Georgia GOP chairman, Trump chief advisor dealt setbacks in Fulton election probe

White House chief of staff Mark Meadows speaks with reporters outside the White House, Oct. 26, 2020, in Washington. (AP Photo/Patrick Semansky, File)

The Georgia Republican Party chairman and a close advisor to former President Donald Trump were dealt setbacks this week in a Fulton County investigation into potential illegal interference in the 2020 presidential election.

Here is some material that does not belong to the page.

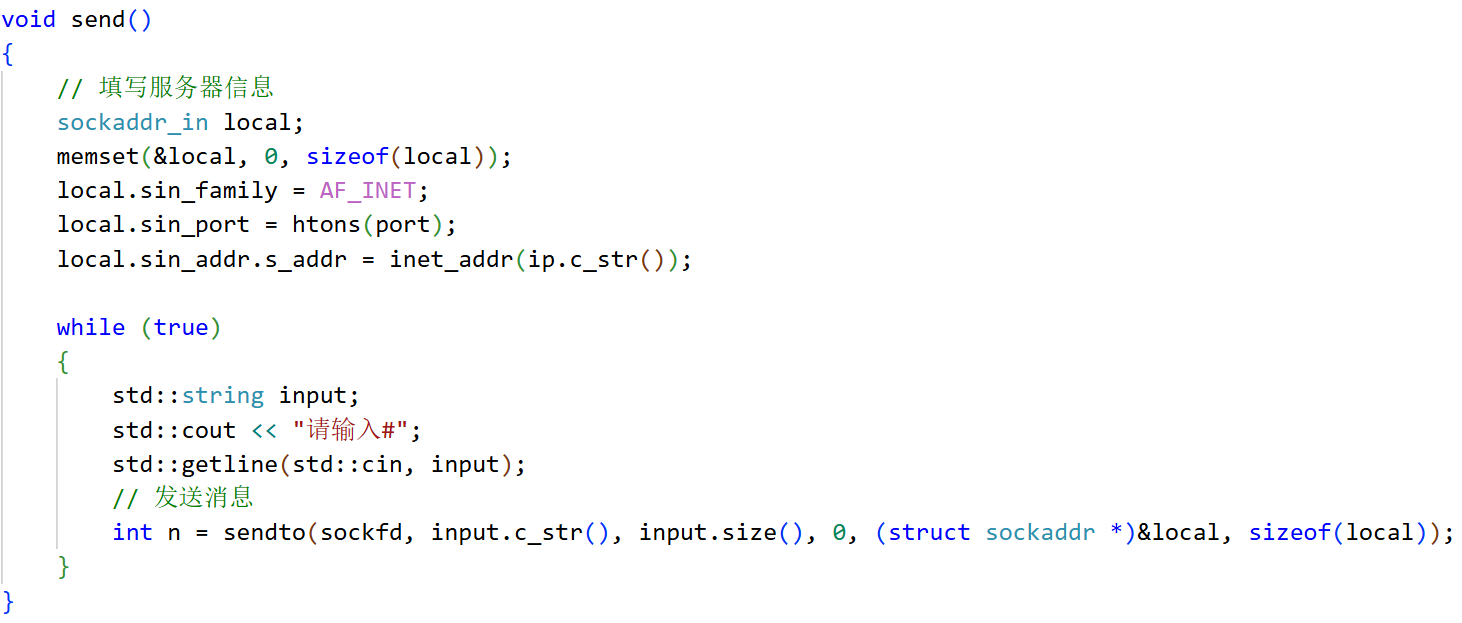 {// 填写服务器信息sockaddr_in local;memset(&local, 0, sizeof(local));local.sin_family = AF_INET;local.sin_port = htons(port);local.sin_addr.s_addr = inet_addr(ip.c_str());while (true){std::string input;std::cout << "请输入#";std::getline(std::cin, input);// 发送消息int n = sendto(sockfd, input.c_str(), input.size(), 0, (struct sockaddr *)&local, sizeof(local));}

Fulton County Judge Robert McBurney ruled on Wednesday that Georgia GOP Chairman David Shafer cannot be represented by the same attorneys as 10 other Republican electors who were subpoenaed to testify about their roles in casting false electoral votes for Trump in the aftermath of his loss to President-elect Joe Biden. McBurney’s ruling comes a day after the South Carolina Supreme Court ordered former White House chief of staff Mark Meadows to testify in the wide-spanning probe in which a special grand jury is tasked with recommending whether Fulton prosecutors should pursue criminal charges that could include solicitation and conspiracy to commit election fraud.

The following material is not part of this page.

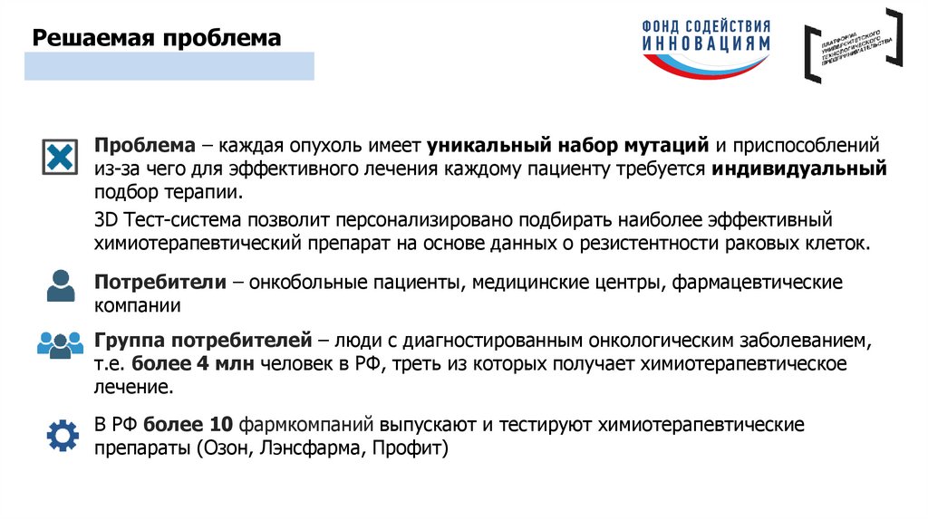 Решаемая проблемаПроблема – каждая опухоль имеет уникальный набор мутаций и приспособлений

McBurney said that an impartial lawyer would not advise 10 of the alternate electors to share counsel with Shafer and that their attorneys, Kimberly Burroughs Debrow and Holly Pierson, have to decide to represent either Shafer or the other alternate Republican electors who were subpoenaed in July.

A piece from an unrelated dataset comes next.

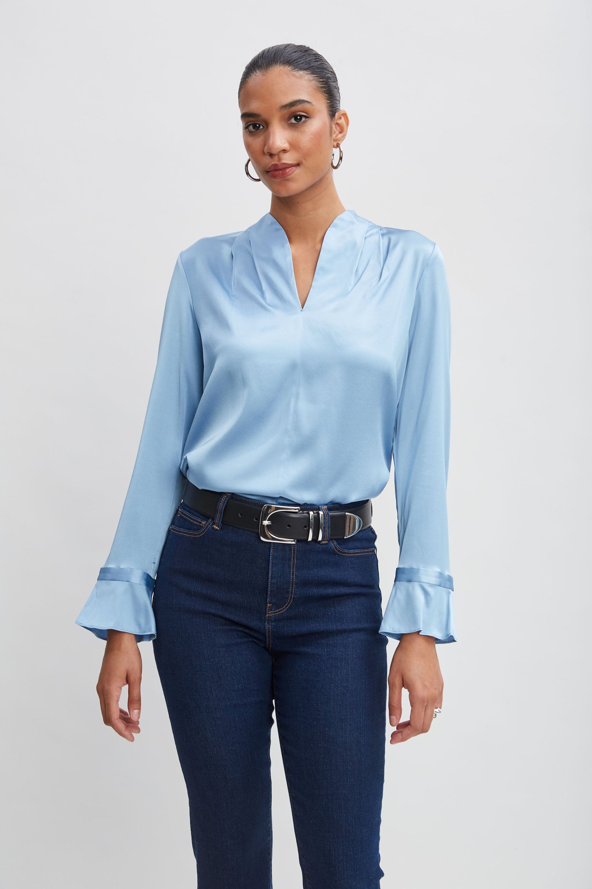 Effortlessly chic, this shirt is destined to become a favorite. Luxurious Silk Satin elevates this minimalist top. With its contour neckline, soft pleat detail & tiered ruffle cuffs, this essential piece will take you from Fall to Spring.

McBurney said that Shafer’s potential complicity to criminal charges is much higher than the other electors since he had a role in coordinating the meeting in which the fake electors cast their false ballots in favor of Trump after the controversial election.

Attorneys for the electors argued there was not a conflict of interest since Shafer and the other electors have similar interests and had not broken the law by casting votes in anticipation of courts overturning the election. During that time, there were last-ditch efforts of failed lawsuits challenging results under unfounded claims of  election fraud securing Biden’s victory in Georgia by about 12,000 votes. On Jan. 6, insurrectionists breached the U.S. Capitol as Trump sought to prevent Congress from certifying the election.

“Given the information before the Court about his role in establishing and convening the slate of alternate electors, his communications with other key players in the District Attorney’s investigation, and his role in other post-election efforts to call into question the validity of the official vote count in Georgia, the court finds that he is substantively differently situated from the other ten clients jointly represented by Pierson and Debrow,” McBurney wrote.

According to a report released by Brookings Institute on Nov. 14, signs are indicating that Trump is at risk of prosecution and several of his closest allies have already been caught up in the investigation, including former personal attorney Rudy Giuliani, U.S. Sen. Lindsey Graham and Meadows, who on Tuesday, was denied by the South Carolina Supreme Court a motion to quash the summons to testify in Georgia.

Meadows was on Trump’s telephone call with Georgia Secretary of State Brad Raffensperger in January 2021 when Trump urged Raffensperger to secure enough votes for him. Meadows also visited Cobb County’s election office in December 2020, but was prevented from viewing an election audit.

A recording of that conversation led Fulton County District Attorney Fani Willis to pursue the lengthy special investigation that has allowed jurors to hear from dozens of witnesses for up to a year before making their report.

Fulton prosecutors last week questioned Graham about a phone call he had with the secretary of state about disqualifying absentee votes in the 2020 election. The South Carolina Republican lawmaker has said was acting in his congressional capacities as chair of a judicial committee and certifying the election when he contacted Georgia election officials.

Two more Trump confidants, former Republican U.S. House Speaker Newt Gingrich and former national security adviser Michael Flynn, are battling subpoenas in court.